Сигов поднялся сюда вдруг почувствовав, что среди Семеновой кампании он — не в своей тарелке. Это новое было ощущение. Обычно его держали за мэтра, замолкали, когда говорил. А нынче… Как-то все он оказывался в стороне от разговора. «Наверно действительно лишку хватил».
— Ты, Николаич, поднялся бы, вздремнул часок, а? — сказал, наконец, Семен, близко и трезво к нему приблизившись.

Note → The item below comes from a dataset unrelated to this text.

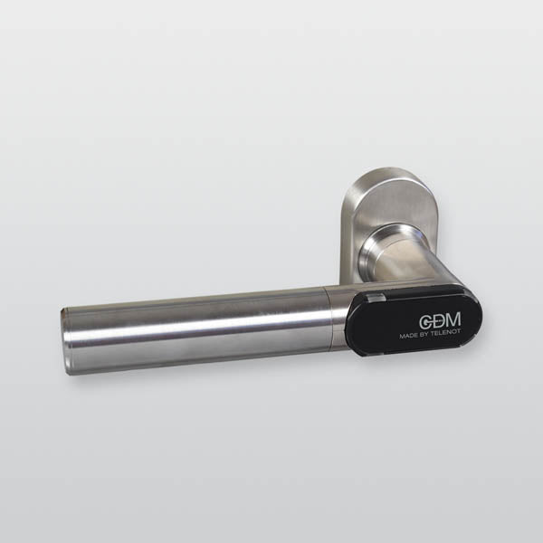 Der Digitale Türdrücker Offline/Online- Funk CDM ermöglicht die elektronische Zutrittskontrolle eines Zutrittspunktes im Innenbereich. Die Bauform L1 mit einer 90°-Biegung zeichnet sich durch ein schlichtes und zeitloses Design aus. Die Ovalrosette ermöglicht unter anderem den Einsatz des Elektronischen Türdrückers an Rohrrahmentüren. Der Digitale Türdrücker ist sowohl im Offline-System CDM als auch im Online- Funk-System CDM einsetzbar.

Внизу сначала было шумно. Тосты кричали. Матерщинка промелькивала. «Расслабились мужики». Голос Семена выделялся — вальяжный, чуть с хрипотцой. Теперь его́ слушали. «Хозяин вырос».
«А что, — про себя усмехнулся Сигов, — другая жизнь — другие песни». — «Ой ли?» — неожиданно спросил чей-то тоже внутренний, но незнакомый ему голос.
Сигов лежал и смотрел на портреты.
Когда грянула перестройка… (Ой да почему грянула-то? Пришла, как время года.) У них, на Ленина, 15, все быстро встало на свои места. Здание горкома проворно заселила новая молодая чиновничья рать, которая большей частью неслышно вызрела в черногалстучной комсомолии.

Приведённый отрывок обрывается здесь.